Annual CO2 emissions have risen at a growth rate (geometric mean) of 2.5% in the last 9 decades (1930-2019). Humans produced about 940% more carbon emissions in 2020 than they did in 1920. While there is a fervent push towards going green and moving the economy away from fossil fuels and more towards renewables, such a shift, due to practical reasons, would take time (Ritchie & Roser, 2020).

The global infrastructure, unfortunately, is not just reliant on fossil fuels, but this dependence, arguably, is entrenched. In 2020, 84% of world energy still came from fossil fuels, and pragmatically, it will take decades to fully recover from the insidious 'oil addiction' which can irreversibly damage the planet and fragile ecosystems (Ritchie & Roser, 2020).

A common 'natural' solution that is often inquired/presented at a personal level to counter CO2 emissions is planting trees. Of course, trees absorb CO2, and planting trees, i.e., a global combined effort to increase the tree plantation substantially, can be carried out to counter carbon emissions. This report examines how many trees must be planted to achieve carbon neutrality and the costs associated with such an endeavor.

How many trees do we need to plant for global carbon neutrality?

The first important issue is the CO2 absorption rate per tree. The carbon absorption per tree varies by species and by the age of the tree; broadly, we can state that a mature tree absorbs about 48 lbs. or 21.8 kg of CO2 per year (Stancil, 2019). Nonetheless, there are other tree species that can absorb substantially more; for example, an adult Paulownia tree (also known as the Empress tree & Kiri tree) is reported to capture 450 kg C02 per year (Chasan, 2019).

Therefore, the answer depends not just on how many trees, but on which species of trees to plant as well.
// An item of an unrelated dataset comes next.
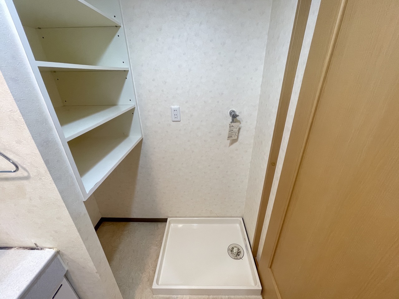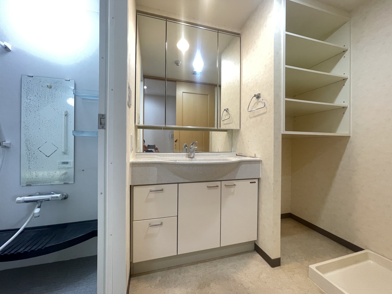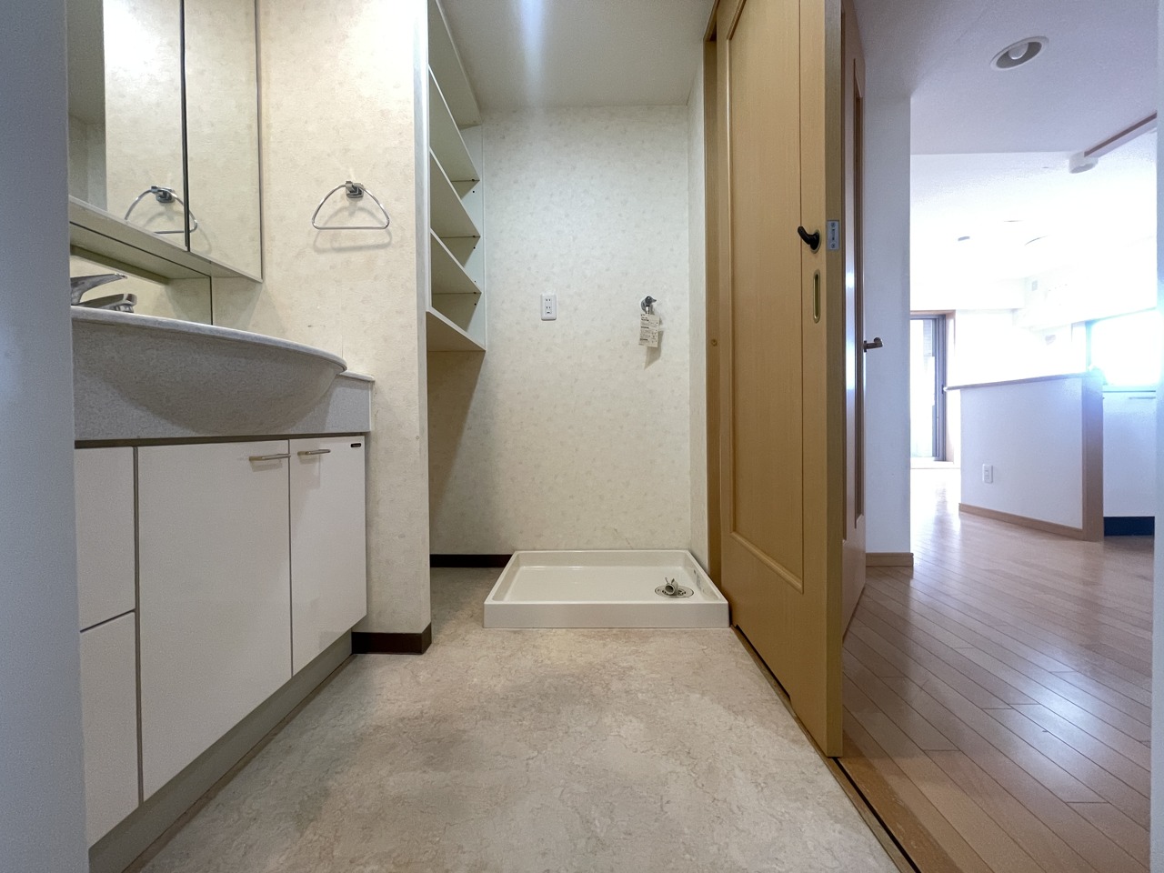 洗面台横にランドリーコーナーもゆったり。ドラム式洗濯機も置けそう。

To achieve carbon neutrality by planting a mix of different species of trees, we would need to plant about 154 billion trees today to offset the carbon emissions produced when these trees would be fully grown (approximately 20 years), as maximum carbon absorption occurs when a tree is fully grown. If carbon emissions grow at a 1% rate from 2020 onwards, global yearly carbon emissions will stand at about 254 billion tons p.a. If annual carbon emissions are controlled, the number of trees required would be reduced, of course.

On the other hand, if we plant a high carbon-absorbing tree species, such as the Paulownia tree, we would need to plant approximately 433 to 557 million trees of this species to offset the yearly carbon emissions produced globally in 12 years, when these trees mature, with as assumption that carbon emissions would increase at an annual rate of 1.5% in the next 12 years.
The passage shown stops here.